Living in a society with advanced technology has its ups and downs. Twitter, Instagram and Facebook are all great ways to connect with each other and show our followers little morsels of our lives. But we've gotten much too comfortable with it. It's far more common to message someone and ask them on a date than to approach someone in person to do so. In fact, some people find it almost creepy if a guy/girl comes up to them in person to strike up a conversation; because God forbid there be any real life interaction. We've been so tricked into thinking a random person messaging us over the internet is somehow less creepy but superior to a person complimenting us in person with a genuine connection. What have we done?
Let's fast forward to the part where two people are happily talking to each other. Key word: talking, not dating. Maybe it's just from my perspective but it seems rare that people want to make things official these days. "Oh, are you and ___ dating?" "No, we're just talking." Now what exactly does talking entail? Just about everything a relationship does, minus the title and a few other small things. In my perspective, the reason behind talking, and not dating, is that it allows us to be with other people at the same time. "I like you a lot and I enjoy being around you but it's just that I don't want to commit right now." But really, let's be honest with ourselves. They really just want to mess around with other people.
When it comes to the dating phase, where you like a person and want to spend time with them before putting a title on it and becoming serious, there seems to be a lack of effort put into the actual date. For example, in this day and age, watching Netflix is considered a date. Cuddling up and watching a movie is always fun, but when that's consistently all you do with someone then it feels like there's no effort.
The most annoying thing that I have witnessed in modern day relationships is the amount of jealousy. If you like someones Instagram picture, does that automatically mean you like them or are attracted to them? No, but for whatever the reason may be, people lose trust in their significant other simply because they liked someone else's Instagram picture. Pathetic, I know. Technology in modern society really has a way of letting people ruin their own relationships, but the technology is not the one at fault.

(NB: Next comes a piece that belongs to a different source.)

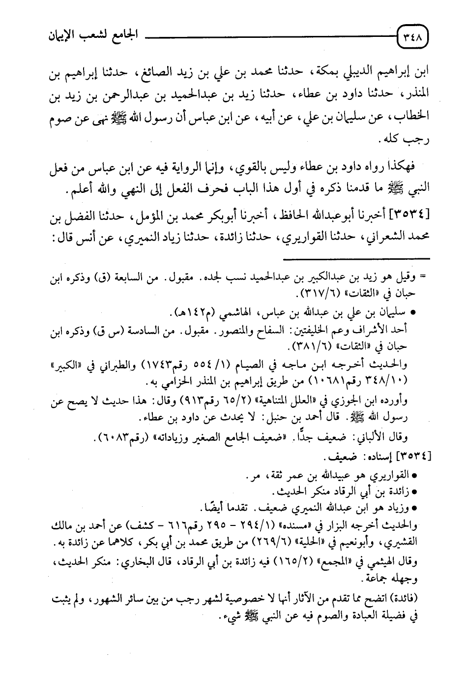 3534 - أَخْبَرَنَا أَبُو عَبْدِ اللهِ الْحَافِظُ، أَخْبَرَنَا أَبُو بَكْرٍ مُحَمَّدُ بْنُ الْمُؤَمَّلِ، حَدَّثَنَا الْفَضْلُ بْنُ مُحَمَّدٍ الشَّعْرَانِيُّ، حَدَّثَنَا الْقَوَارِيرِيُّ، حَدَّثَنَا زَائِدَةُ، حَدَّثَنَا زِيَادٌ النُّمَيْرِيُّ، عَنْ أَنَسٍ، قَالَ: -[349]- كَانَ النَّبِيُّ صَلَّى اللَّهُ عَلَيْهِ وَسَلَّمَ §إِذَا دَخَلَ رَجَبٌ، قَالَ: " اللهُمَّ بَارِكْ لَنَا فِي رَجَبٍ، وَشَعْبَانَ، وَبَلِّغْنَا رَمَضَانَ "
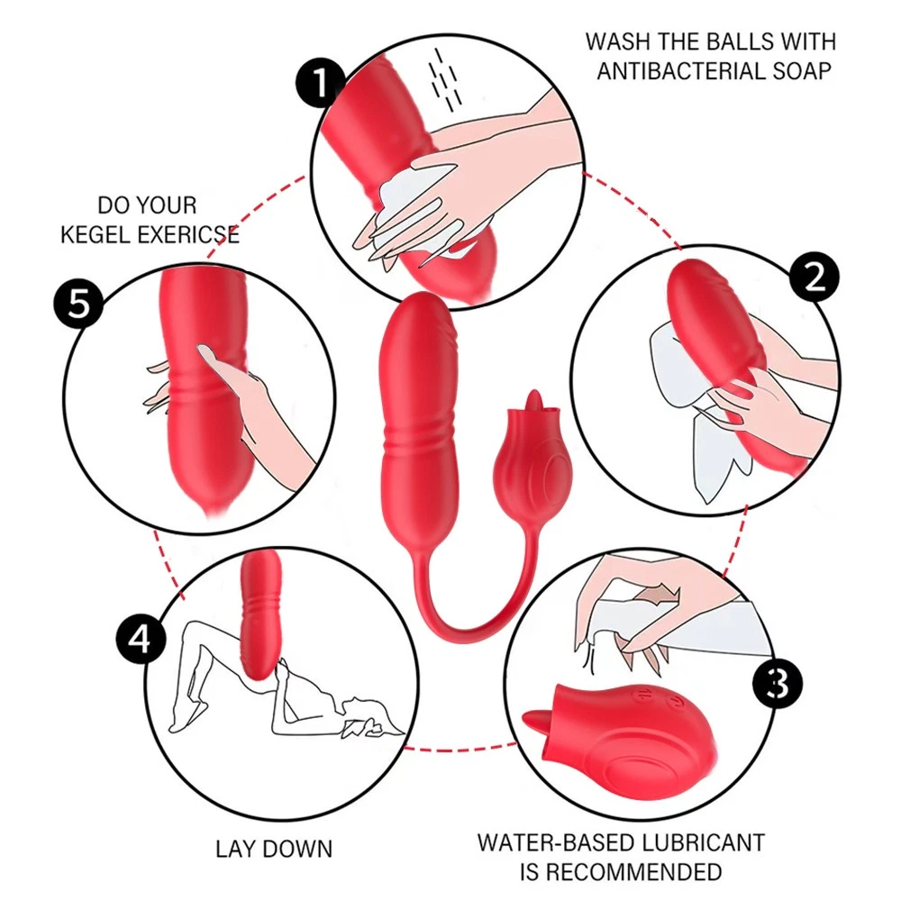 Guarantee 100% discreet shipping on the package and no wirtting on package. P R ODUCT SPECIFICATION: Product Name: Tongue Licking&Thrusting vibrating Egg Material: ABS & Food Grade silicone Product size: as pictures shown Accessories: USB charging cable Battery capacity: 500mAh Rated voltage: 3.7v Power supply: Built-in Lithium Battery Noise: ≤55db Charging Time: 2h Using Time: 40mins KEY FEATURES: Food grade silicone; 7 Stretching modes; 8 Licking modes; Bending easily; IPX7 waterproof BUTTON DESCRIPTION: Open button: Switch on by pressing 2 seconds. Switch of by pressing 2 seconds. After power on, press the button to enter Licking Mode. Enter next mode by pressing the button again, there are 3 speed modes &5 freuency modes in total. Conversion button:After power on, press the button to enter Thrusting Mode. Enter next mode by pressing the button again, there are 3 speed modes & 4 frequency modes in total LED INDICATOR: Power on:Indicator on Working:Indicator flashes when pressing button P ower ofF:Indicator ofF State of charging: Low power:Indicator lashes slowly for 5 times and the vibrator of automatically. Charging: Flashing Fully charged: Indicator off. ATTENTION: 1.Please check ifthere is any damage caused by transportation, ifyes, please contact suppliers for replacement. 2.Please read and follow the user manual before using· 3.This product is for adults use only can NOT be used as a contraceptive. 4.Please put the product in proper condition and out of the reach of the children. 5.Please do NOT exert excessive force when using to avoid injury. 6.Please do NOT Share the product with others. 7.Please immediately stop ifyou feel any uncomfortable when using this product. 8.Please check the condition ofthe product regularly,please stop using if any damage is found. NOTE: Please fully charge before use for the frst time. PACKAGE: 1*Vibrator Massage 1*Charging cable

Back in the day, dating involved showing up at the persons doorstep and picking them up for dinner. Today, it's nearly the opposite. It's so casual and nearly no effort is put forth into relationships anymore. Either people jump into a relationship too quickly or they're unsure of if they even want to commit to the person. Online dating is much more acceptable than meeting someone in person. Netflix and Chill has become the new dinner and a movie. The only thing we can do about this is to take dating more seriously. If we want a girl or a guy to be serious about us, we have to step up our game and stop messing around.